[DB-SIG] Current status of Gadfly
12 Oct 2001 11:40:36 -0000
"Moore, Paul" <Paul.Moore@atosorigin.com> wrote:
>You can read that fact two ways. On the one hand, no-one really cares enough
>to put in a lot of effort polishing and perfecting the proposals that get
>made. This is a bad thing, sure. But on the other hand, it also means that
>people are pragmatic - they don't care about *perfecting* the proposal, they
>just want something practical, that works.
That's why I become even more cynical than I usually am when I see lots of
proposals for things on comp.lang.python. It could be the case with some that
the author is saying, "Here's a really neat idea! Now I just want someone else
to give me the working version." Meanwhile, there are a lot of Python projects
out there which actually exist in working form but get far less publicity
than "Frivolous Idea #9257 - A Minor Python Syntax Improvement".

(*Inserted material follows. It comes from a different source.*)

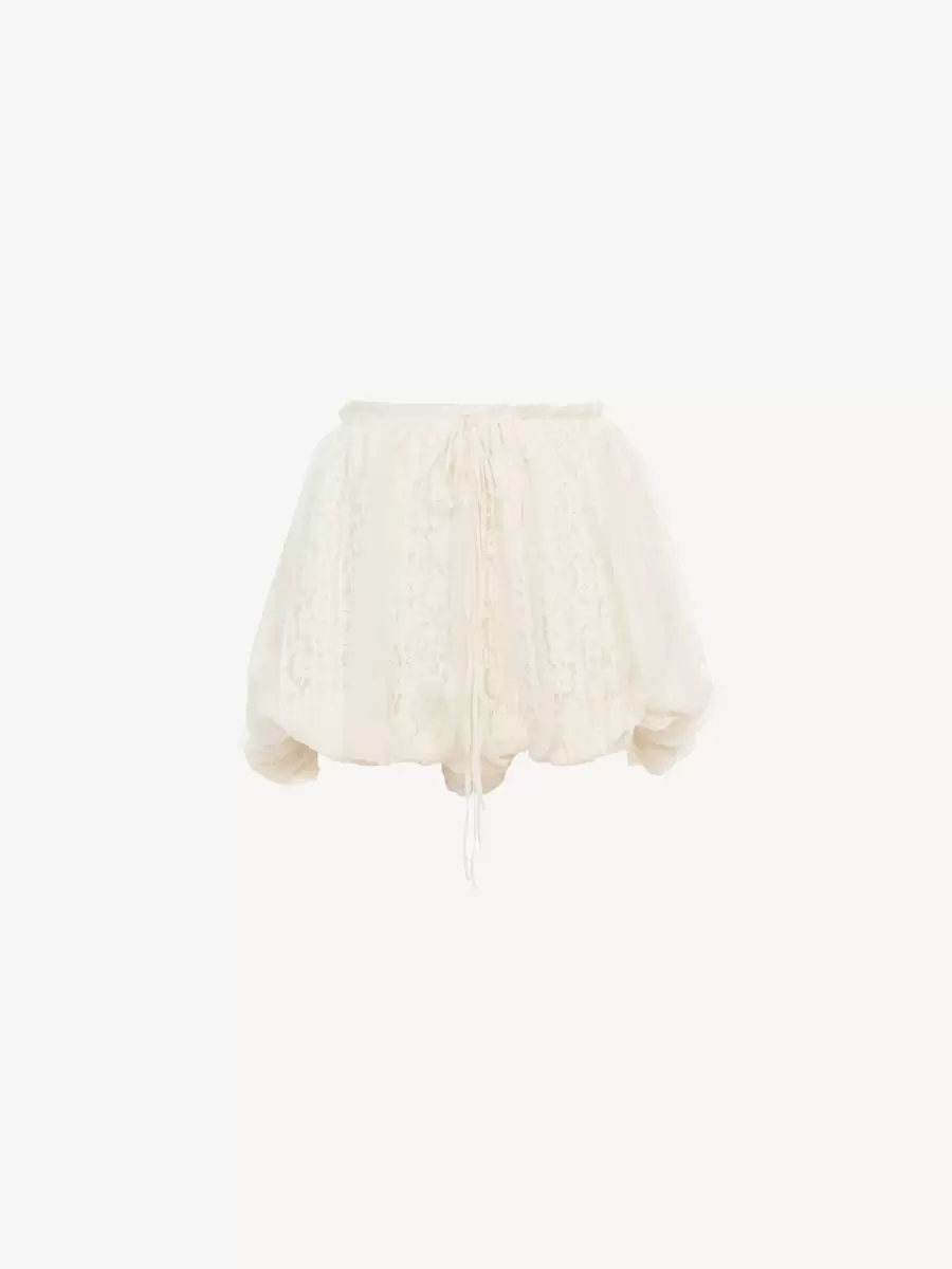 Organik ipek muselinden yapılmış, çiçekli dantel süslemeli ve ipek karışımı astarlı, akışkan, büzgülü mini şort. Bağcıklı bel kısmında altın tonlarında uçlarla tamamlanmış sarkan bağlar bulunur.
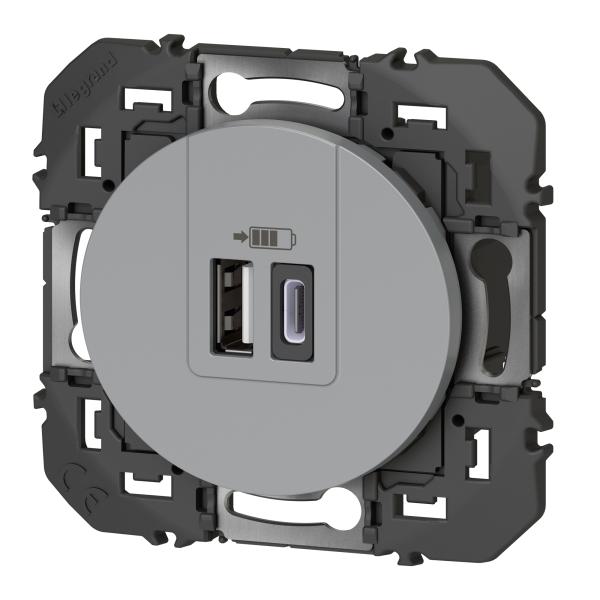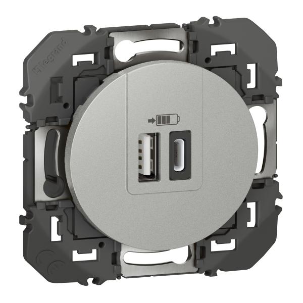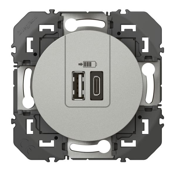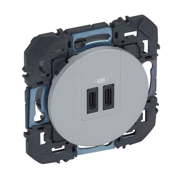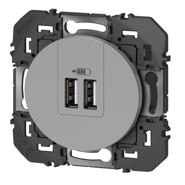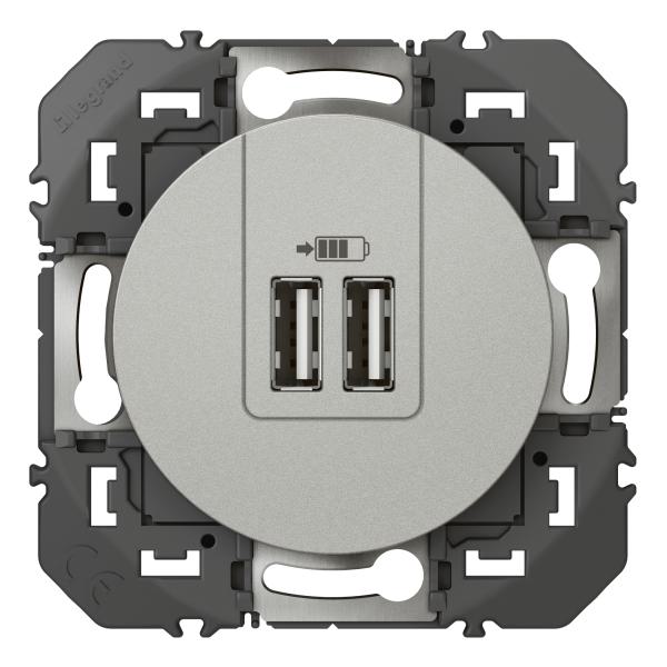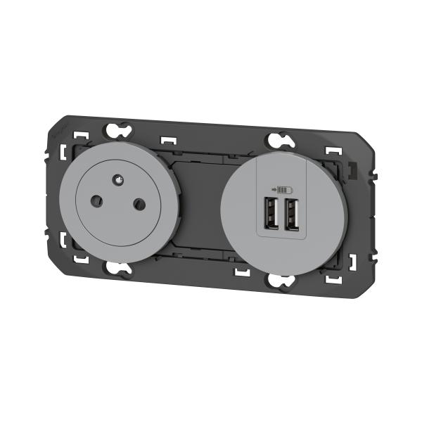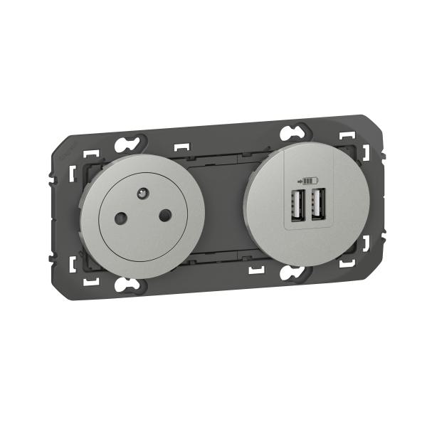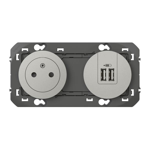 2P+T CHARGEUR USB 2POSTES ALU

>I suspect that if Suchandra simply implemented his proposal, and publicised
>it, and worked at grabbing as many modules as he could and putting them into
>his catalog, then it would work, and take off. But that requires one person's
>commitment and time (and web space).
And frequently a financial commitment in addition to any that would
automatically come from spending one's time and commitment on something. I
suppose this is why people look to the (funded) custodians of Python for more
progress in this area.
>The thing that sometimes saddens me about the Python community is how so
>many good ideas stagnate because there is too much design and not enough
>implementation. Of course, I don't implement anything, so my comments can't
>be seen as anything other than heckling from the peanut gallery :-)
But it's fair comment! The standard "you do it if you're so bothered about it"
response is fine for those who can deal with the existing situation and have no
incentive to do anything about it, but it doesn't necessarily make those who
can't deal with the situation (and who may not be up to implementing such a
solution either) any more comfortable.
>BTW, if you wish, you may interpret this message as enthusiastic support for
>Suchandra's prototype. It is. I haven't used it - I don't read the catalog
>SIG - but I am strongly in favour of anything in this area.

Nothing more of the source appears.